A już nie wiem, co robią media publiczne, które dostają ciężkie pieniądze na realizację "misji".


@fiziaa: w każdym razie, jak będziesz miała kolejną okazję na wypowiedź w tym temacie, to dobrze by było, abyś mocno podkreślała, aby zgłaszać się na oddziały zakaźne, a nie zwykłe SORy, no i nie jechać tam komunikacją miejską... Choć zarażenie taksówkarza też jest takie sobie...
@fiziaa: ok to ja zapytam co coś z innej beczki. Z jaką prędkością może mutować wirus i jakie czynniki mają pozytywne i negatywne skutki dla jego inkubacji np. zmiana kontynentu / żywiciela itp.
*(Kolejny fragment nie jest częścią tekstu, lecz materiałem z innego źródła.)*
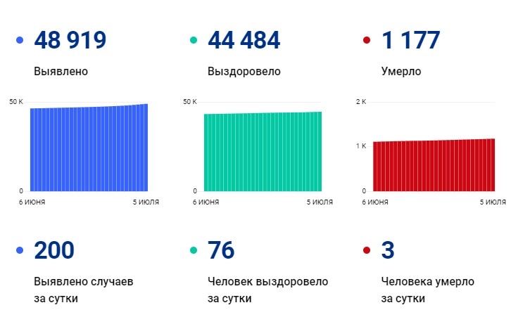 Общее число вологжан, которым поставили диагноз «коронавирус», достигло почти 49 тысяч. Выздоровели почти 44,5 тысячи человек, за сутки – 76. Скончались еще трое, всего в регионе – 1177. Таким образом, сейчас в области более 3200 активных больных. Их становится всё больше, в том числе, тяжелых пациентов.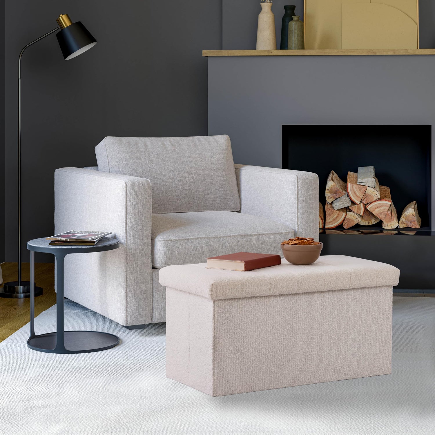 - STURDY BUILD – Featuring a soft boucle fabric with premium cushioned foam in the lid supported by a solid MDF frame.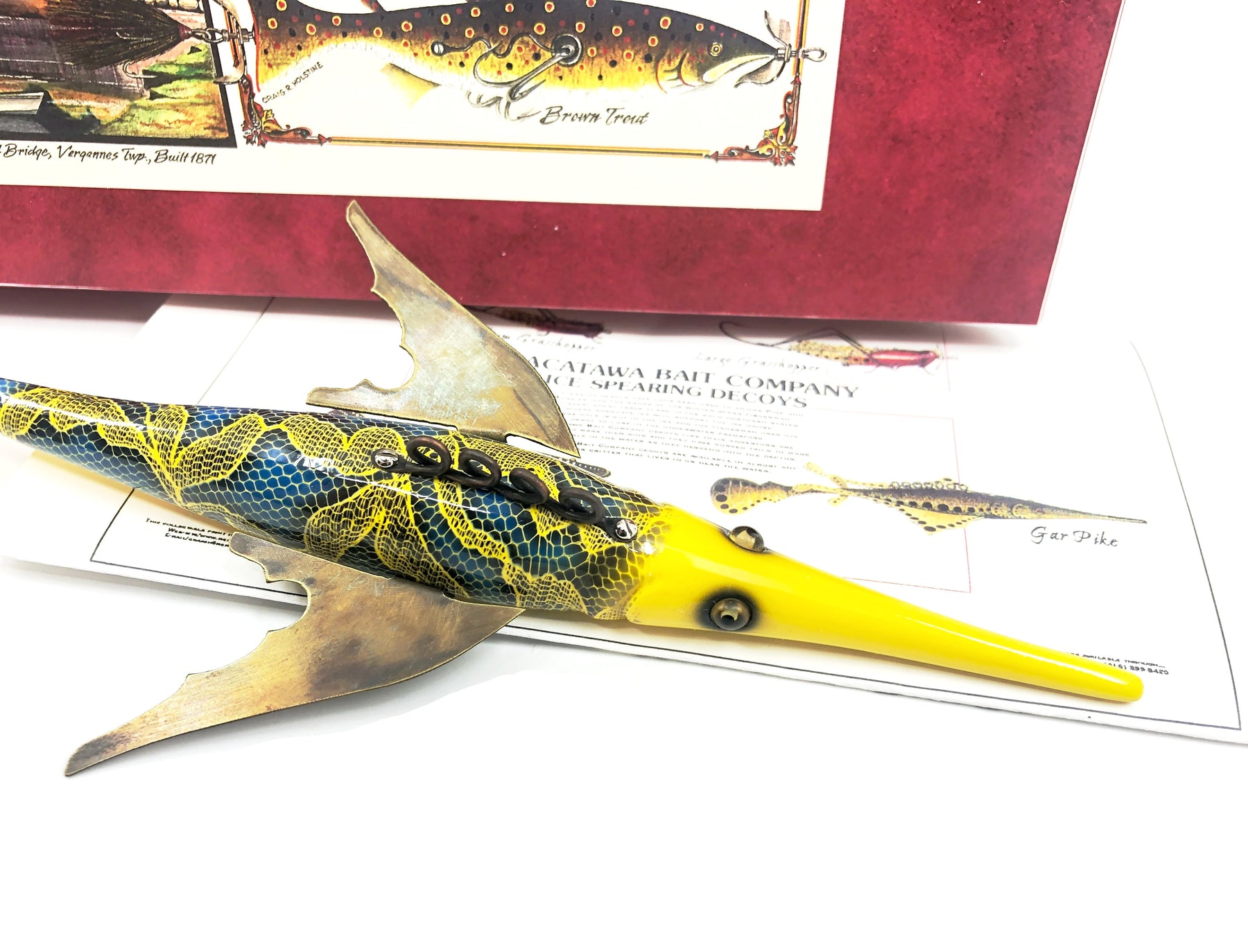 Macatawa Bait Co. Yellow/Black/Blue Scale Gar Decoy w/Box. Uncommon style from Macatawa Baits, unsure what color this decoy is. This set comes with the classic Macatawa order sheet. Decoy is about 8 1/2" long, just the body, about 10" overall. Wooden decoy, glass eyes and metal wings. Decoy and box are in good condition with just a little storage wear on the box. See photos.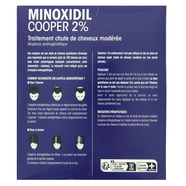 Ce médicament peut être utilisé sur les conseils de votre pharmacien. Néanmoins, un avis médical est nécessaire en cas de maladie cardiaque, même ancienne. Il n'est pas adapté aux chutes de cheveux brutales, consécutives à une maladie ou à un traitement médicamenteux. Il ne doit pas être appliqué ailleurs que sur le crâne.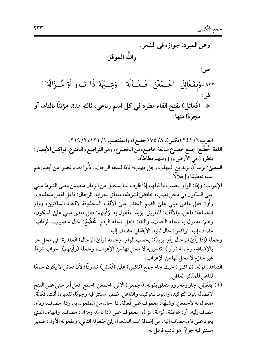 الشاهد: قوله: (نواكس) حيث جاء جمع (ناكس) على (فَعَائل) شذوذًا؛ لأن فعائل لا يكون جمعًا لفاعل للمذكر العاقل.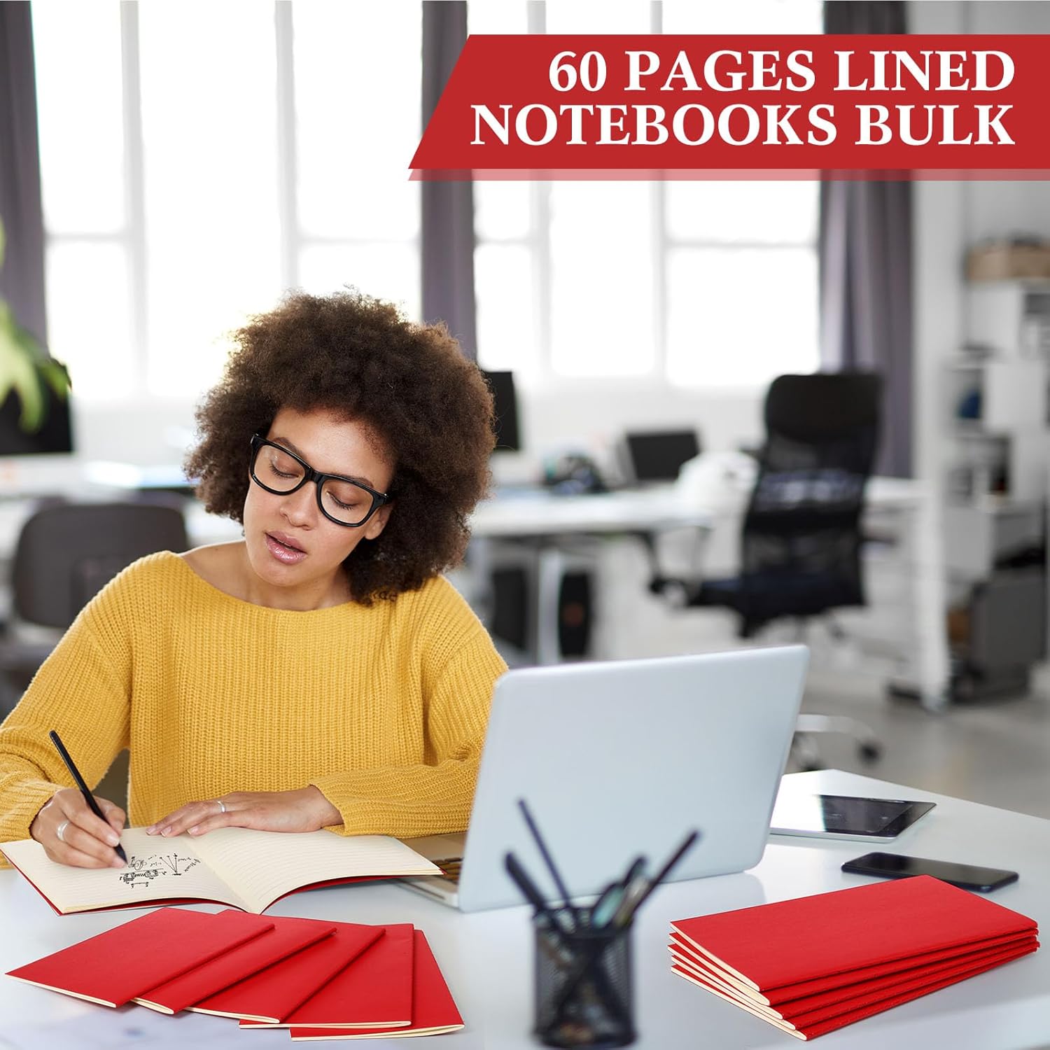 100 Pcs Kraft Notebook Journals 5.5 Inch x 8.3 Inch A5 Softcover Notebooks Bulk for Writing Sketch Office Notepad with 60 Pages 30 Sheets (Multicolor,Lined) (Red,Lined)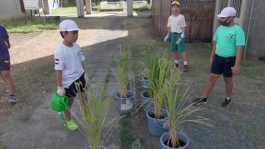 4年生は家庭で面倒を見ていたバケツ稲が集まってきました。学年園のお掃除をして、またみんなのバケツが勢ぞろいすることと思います。「実るほど 頭を垂れる 稲穂かな」 4年生の稲穂を眺めながら、自らの振る舞いを振り返ります。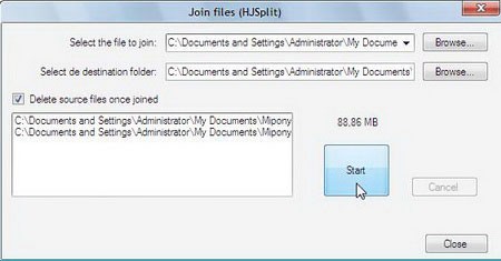 Đối với các file lớn được chia nhỏ bằng HJSplit, Mipony cung cấp tiện ích Join Files để nối lại chúng một cách nhanh chóng. Nhấn nút Join Files trên giao diện, chọn file cần nối bằng nút Browse, chỉ định thư mục lưu file kết quả bằng nút Browse khác, và nhấn Start để bắt đầu quá trình nối file.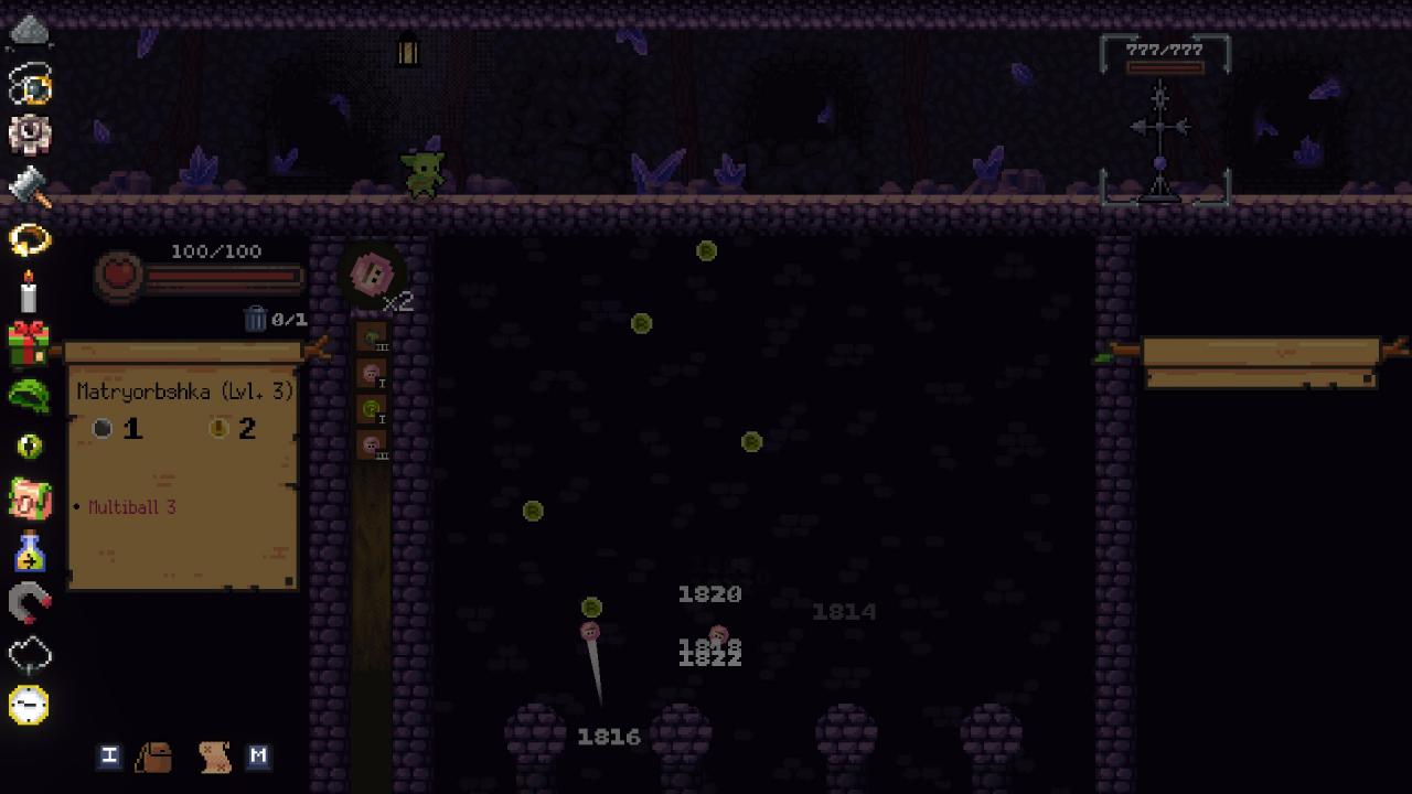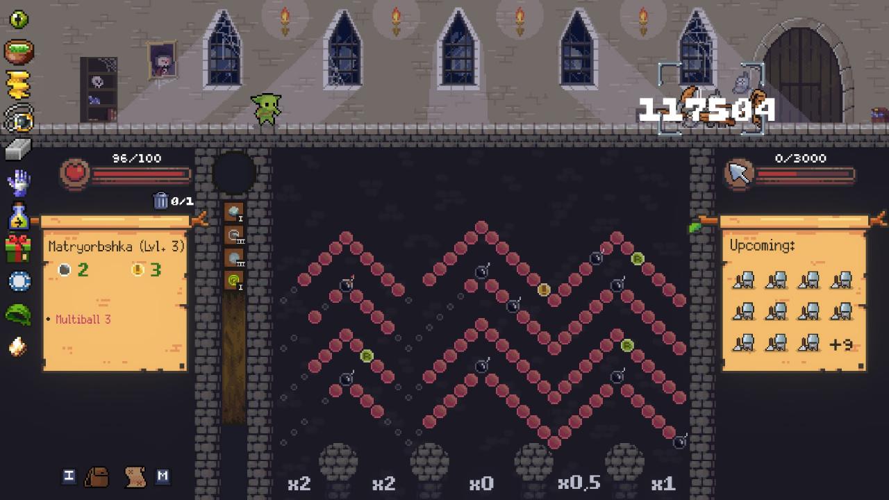 The Electropegnet helps you initially seek the refresh pegs, which will be especially good if you have Refreshing Punch. Having as many refresh pegs as you can is essential to accomplish this. Gunpowder can make the bombs extra useful. If you don’t have any relics that change base values (or add extra unnecessary damage), you’ll know you got enough pegs if the Matryorbshka reaches 1000 damage (or 2000 on a crit). The Matryoshka Shell can be a bit overkill, plus you can’t see the damage numbers to know if you hit enough pegs or not before you launch the attack.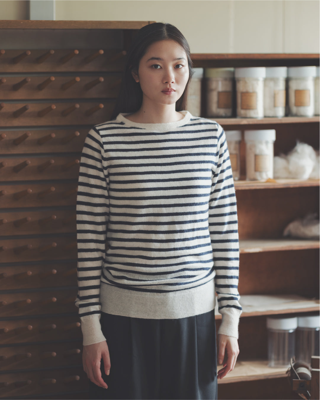 身体のラインを拾いすぎないシルエットが上品な印象をつくり、シンプルな装いに抜け感を添える、大人のためのボーダーニットです。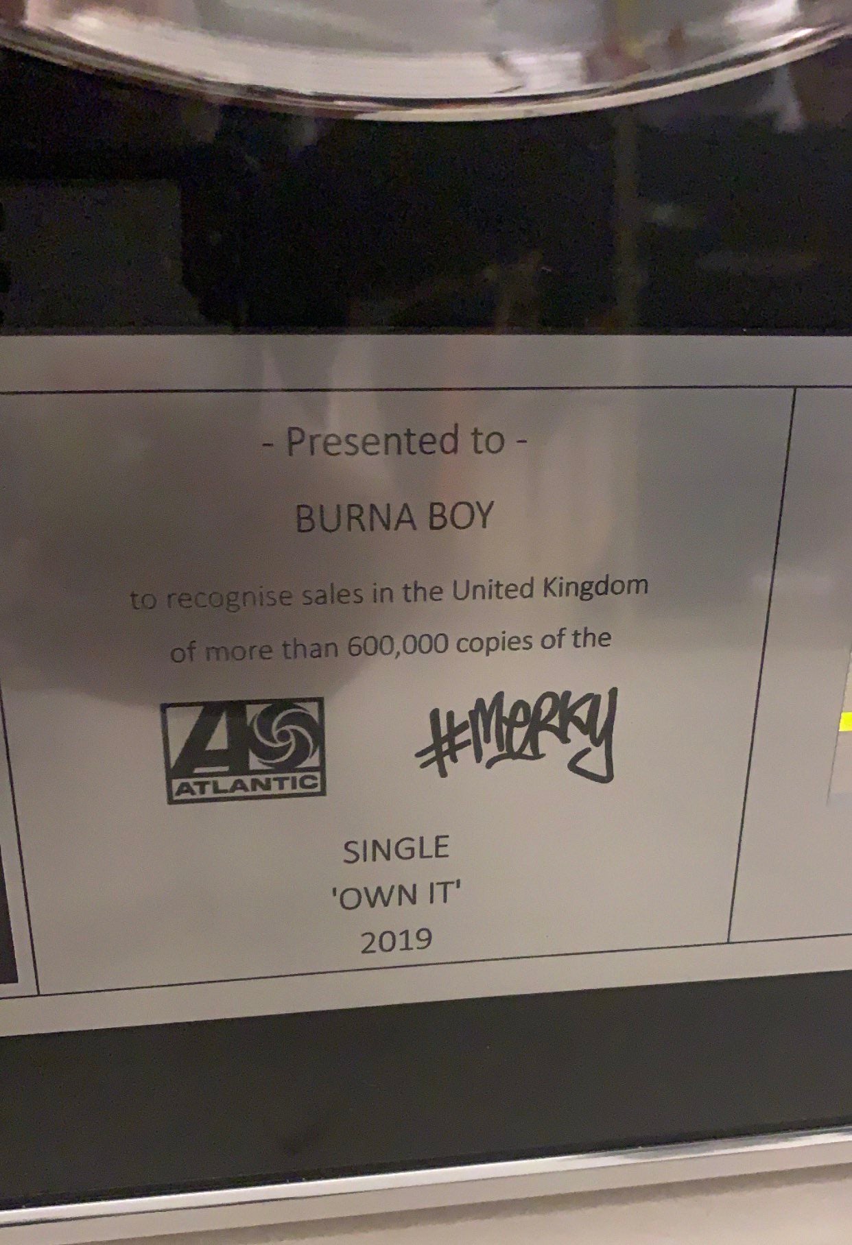Grammy Nominee, Burna boy shows off Platinum Plaque handed to him by Stormy for his feature in the track ‘Own It’.
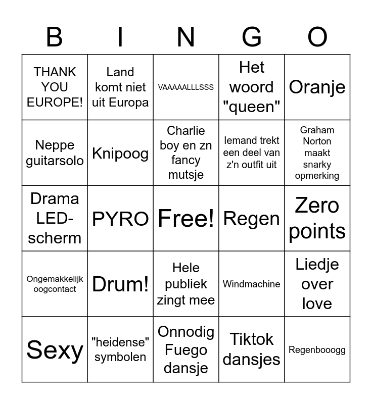 This bingo card has a free space and 24 words: Drum!, "heidense" symbolen, Charlie boy en zn fancy mutsje, Sexy, Oranje, THANK YOU EUROPE!, Neppe guitarsolo, Land komt niet uit Europa, Regen, Hele publiek zingt mee, Iemand trekt een deel van z'n outfit uit, Drama LED-scherm, Windmachine, Liedje over love, Knipoog, Tiktok dansjes, Zero points, VAAAAALLLSSS, Graham Norton maakt snarky opmerking, PYRO, Regenbooogg, Ongemakkelijk oogcontact, Het woord "queen" and Onnodig Fuego dansje.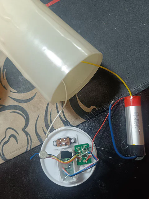Просверлите или прорежьте небольшое отверстие в дне свечи для USB-C разъёма. Зафиксируйте плату горячим клеем. Теперь свечу можно заряжать, не разбирая.

Chodzi mi o to, że mógłby zostać pokonany w zarodku a tak ciągle migruje gdzieś dalej zdobywając coraz więcej nowych informacji a lek, który będzie w postaci szczepionki mógłby wówczas okazać się nieskuteczny już za te 3 miesiące.
a kim ty #!$%@? jestes ze mam się kierować twoją opinią? XD


@baobabtoudi: Doktor nauk medycznych, onkolog z 20+ kilku letnim doświadczeniem czyli trochę lepiej niż typowy wykopowicz troll-panikarz, który jest specjalistą od wszystkiego.

co z paczkami z aliexpress?


@sugite: Nic, ten wirus poza żywicielem w bardzo sprzyjających warunkach nie przetrwa dłużej niż 48 godzin, a co dopiero podróży do Polski, gdzie przeciętne przesyłki idą od kilkunastu do kilkudziesięciu dni.